Adaptive capacity for a social structure is provided by a diverse pool of members. By diversity here I
mean in all aspects, skills, profiles (such as thinkers, action oriented people), backgrounds, you name it.
The hiring practices I have observed I would like to make a distinction between hiring policies and
hiring practices here, as the first one is the intent the later one is the actual pattern mostly involved
interviews by peers or similar, produced tendencies to hire candidates that fit: fit the descriptions (i.e.
current problems/conditions) and fit the team (low genetic variance). The new hire may start producing
results quickly (as resources are limited) but it lowers the adaptive capacity thus the teams ability to
adapt changing conditions.
That might be the reason why those companies I observed did frequent reorganizations to overcome this
issue, consciously or not. However this remedy has its own unfavorable effects, like using chemotherapy
on a cancer patient.
Apart from hiring, performance management practices (again emphasis on practices not policies) further
favor fittest members, thus promotion paths, and leadership benches filling with look-alikes.

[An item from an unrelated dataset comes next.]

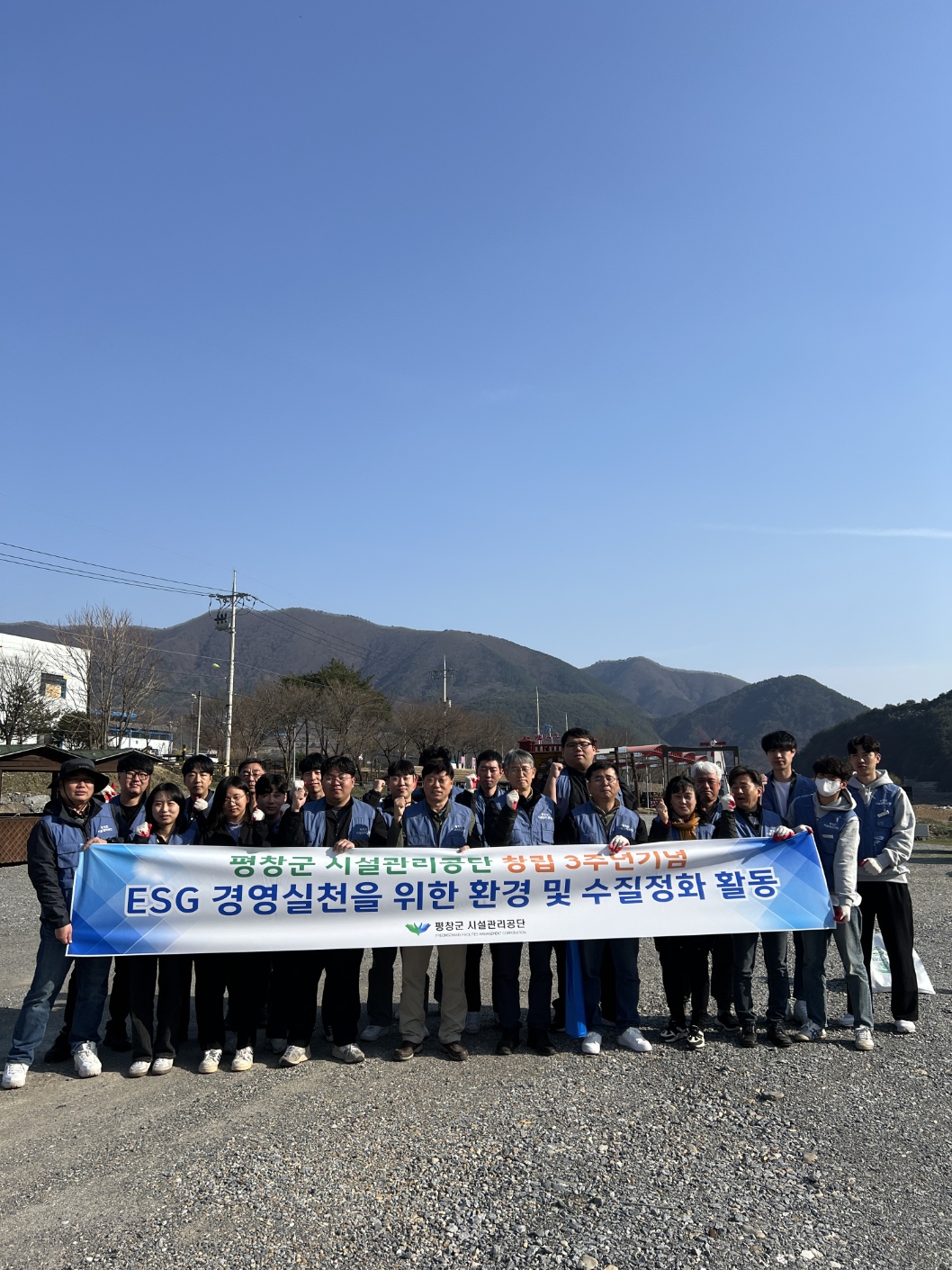평창군 시설관리공단은 창립 3주년을 맞이하여 환경 및 수질정화 활동을 펼쳤다. 이번 행사는 ESG(환경·사회·지배구조) 경영 실천을 위한 사회공헌 활동의 일환으로 공단 직원들은 평창강을 따라 쓰레기를 줍는 플로깅을 하고, EM흙공을 이용하여 깨끗한 하천 만들기에 동참했다.

Increasing the adaptive capacity of your team, company, or community is first a leadership issue. The
direction, policies, mechanisms, platforms should be in place to foster the genetic variety. More
importantly leadership in practice should live by it.
Finally, adaptive capacity of a social structure is a cultural issue. Practices come from the culture, as
opposed to policies (espoused theory vs. theory in practice). So the culture has to be consciously led
towards practices that would foster variety. True leaders seek not uniformity or unanimity.